The intrinsic fluorescence emission of PpaPV1 and PsSC tryptophans was used to follow PV1 denaturation induced by guanidine hydrochloride (GndHCl) (Sigma). Chemical denaturation was performed by incubating PV1s (50 μg ml⁻¹) overnight in the presence of increasing concentrations (0–6.5 mol l⁻¹) of GndHCl buffered with 0.1 mol l⁻¹ phosphate buffer, pH 7.4 at 8°C.

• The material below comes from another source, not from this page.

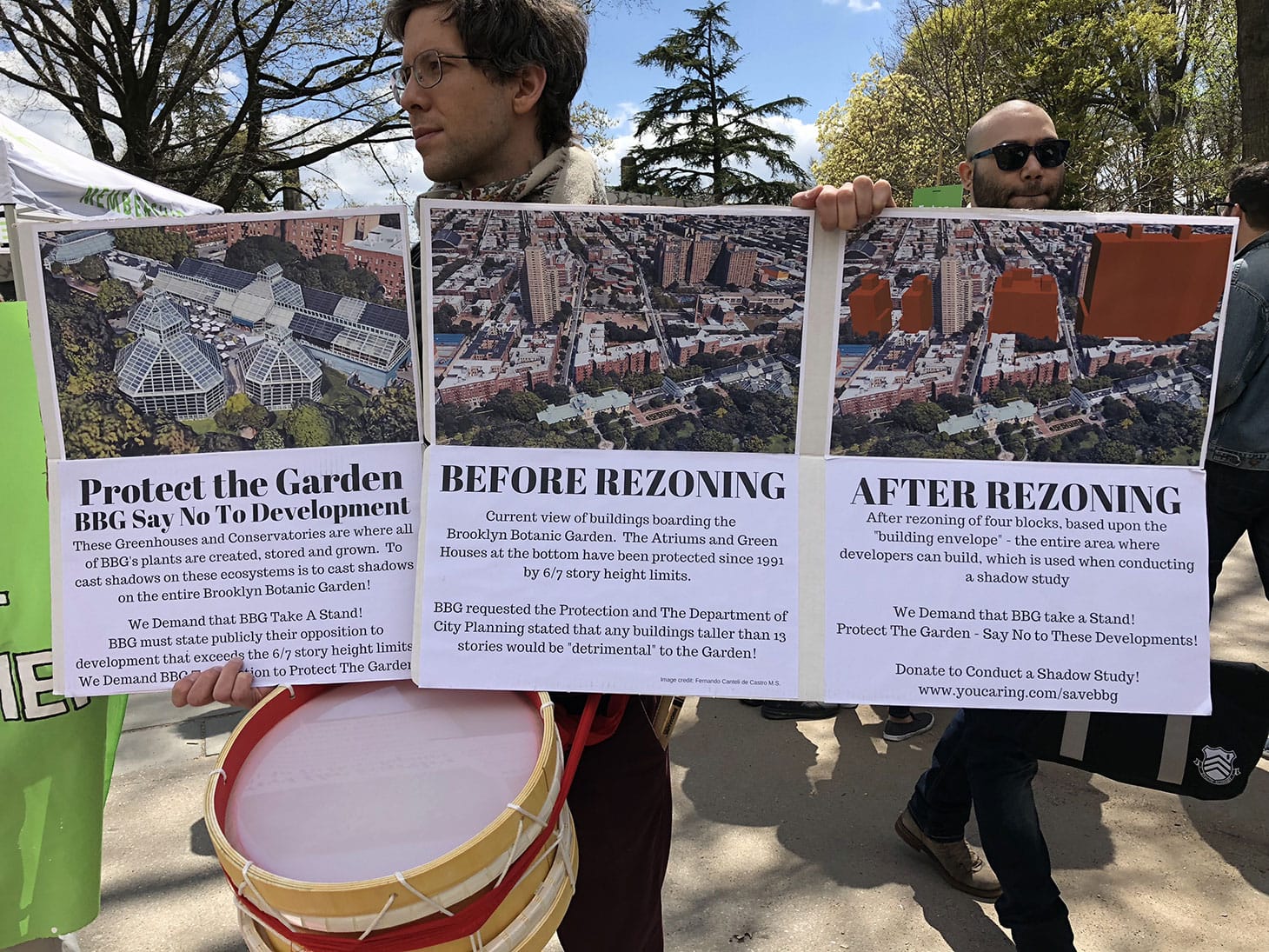 One local resident named Laura, who lives in Park Slope, said she was attracted to the action, but she was surprised this was her first time hearing about the issues. “The Brooklyn Botanic Garden is so vital to the neighborhood and anything developed around it should be mindful of that, so I really want to learn more about the issue,” she told Hyperallergic.

Protein intrinsic fluorescence spectra were recorded on a Fluorolog 3 Spectrofluorometer coupled with a Lauda Alpha RA 8 thermostatic bath. Fluorescence spectra were recorded in emission scanning mode at 25°C. Tryptophan emission was excited at 295 nm (6 nm slit) and recorded between 310 and 450 nm (3 nm slit). The corresponding buffer blank was subtracted. Two independent samples were measured. Spectra were characterized by their center of mass (CM) and the populations associated with the unfolded fraction (f_u) were calculated from the CM as for PmPV1 in Pasquevich et al. (2017).

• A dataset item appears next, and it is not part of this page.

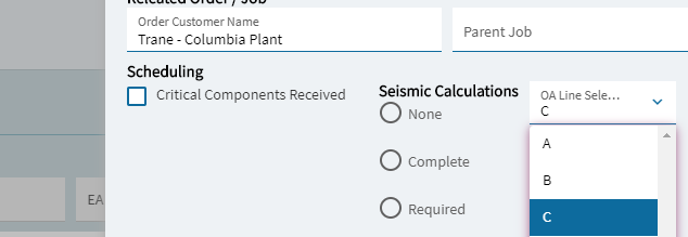 In the Job Entry screen, I’ve created a slide out with a Dropdown list that is generated via user codes. This is working fine; it’s bound to a UD field.

The equilibrium reached in each GndHCl concentration allowed the calculation of an equilibrium constant K=f_u/(1−f_u) and Gibb's free energy for the unfolding reaction in terms of this mole fraction (ΔG⁰=−RTlnK, where R is the gas constant and T is temperature) were calculated. The dependence of ΔG⁰ on GndHCl concentration can be approximated by the linear equation ΔG⁰=ΔG⁰H₂O−m[GndHCl], where the free energy of unfolding in the absence of denaturant (ΔG⁰H₂O) represents the conformational stability of the protein. m is a parameter that correlates with the change in the solvent accessible area. The GndHCl concentration in which half of the protein is unfolded (C_m) was estimated as a function of denaturant concentration from the linear extrapolation method.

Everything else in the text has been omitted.